• TASK BRIEF
Produce as output only the lines below starting at the line with "Složení: 95 % masa (krůtí, losos), kopřiva." and continuing through the line with "公司掌握), 该类材料的能量利用效率可接近100%, 但是仍存在诸多问题。", each one exactly as written.

(DATA EXCERPTS Opens)

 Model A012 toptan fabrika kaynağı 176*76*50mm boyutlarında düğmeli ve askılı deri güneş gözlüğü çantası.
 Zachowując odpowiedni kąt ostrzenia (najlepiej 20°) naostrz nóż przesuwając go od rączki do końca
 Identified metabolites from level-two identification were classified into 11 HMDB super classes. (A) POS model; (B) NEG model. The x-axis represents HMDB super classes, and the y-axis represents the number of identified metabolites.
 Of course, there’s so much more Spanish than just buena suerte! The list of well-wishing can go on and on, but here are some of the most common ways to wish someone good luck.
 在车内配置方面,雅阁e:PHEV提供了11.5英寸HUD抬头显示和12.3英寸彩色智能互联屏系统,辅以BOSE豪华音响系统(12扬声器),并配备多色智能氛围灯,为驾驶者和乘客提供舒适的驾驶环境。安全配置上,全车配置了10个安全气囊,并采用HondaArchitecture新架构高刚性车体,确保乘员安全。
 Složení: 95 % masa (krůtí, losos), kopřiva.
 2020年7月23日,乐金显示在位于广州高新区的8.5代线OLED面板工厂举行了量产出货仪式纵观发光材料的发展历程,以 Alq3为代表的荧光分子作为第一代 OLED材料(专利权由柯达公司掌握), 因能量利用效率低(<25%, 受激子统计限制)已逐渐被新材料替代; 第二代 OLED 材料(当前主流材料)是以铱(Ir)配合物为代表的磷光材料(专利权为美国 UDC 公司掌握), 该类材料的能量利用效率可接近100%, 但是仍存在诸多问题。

(DATA EXCERPTS Closes)
(DATA EXCERPTS Opens)

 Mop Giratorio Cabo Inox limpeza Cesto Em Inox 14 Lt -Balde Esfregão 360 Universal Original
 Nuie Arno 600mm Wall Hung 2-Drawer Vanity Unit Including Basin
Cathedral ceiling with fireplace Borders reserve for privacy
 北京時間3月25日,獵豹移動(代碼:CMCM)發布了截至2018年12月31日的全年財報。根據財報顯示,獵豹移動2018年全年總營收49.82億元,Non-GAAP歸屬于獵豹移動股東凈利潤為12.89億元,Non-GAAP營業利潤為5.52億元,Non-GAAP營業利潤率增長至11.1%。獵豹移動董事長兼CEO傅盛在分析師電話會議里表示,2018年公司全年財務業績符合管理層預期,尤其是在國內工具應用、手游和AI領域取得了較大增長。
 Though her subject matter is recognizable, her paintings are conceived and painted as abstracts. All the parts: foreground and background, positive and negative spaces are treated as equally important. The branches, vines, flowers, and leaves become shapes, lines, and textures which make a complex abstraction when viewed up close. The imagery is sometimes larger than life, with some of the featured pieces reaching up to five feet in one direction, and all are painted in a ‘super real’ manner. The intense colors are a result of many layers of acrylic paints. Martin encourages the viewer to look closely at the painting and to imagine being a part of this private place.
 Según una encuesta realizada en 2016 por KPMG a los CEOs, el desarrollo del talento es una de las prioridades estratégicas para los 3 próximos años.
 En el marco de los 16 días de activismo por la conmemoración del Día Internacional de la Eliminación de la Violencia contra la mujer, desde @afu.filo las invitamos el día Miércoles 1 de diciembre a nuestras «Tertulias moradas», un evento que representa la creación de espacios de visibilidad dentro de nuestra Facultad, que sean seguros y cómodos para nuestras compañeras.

(DATA EXCERPTS Closes)

• REPLY
 Složení: 95 % masa (krůtí, losos), kopřiva.
 2020年7月23日,乐金显示在位于广州高新区的8.5代线OLED面板工厂举行了量产出货仪式纵观发光材料的发展历程,以 Alq3为代表的荧光分子作为第一代 OLED材料(专利权由柯达公司掌握), 因能量利用效率低(<25%, 受激子统计限制)已逐渐被新材料替代; 第二代 OLED 材料(当前主流材料)是以铱(Ir)配合物为代表的磷光材料(专利权为美国 UDC 公司掌握), 该类材料的能量利用效率可接近100%, 但是仍存在诸多问题。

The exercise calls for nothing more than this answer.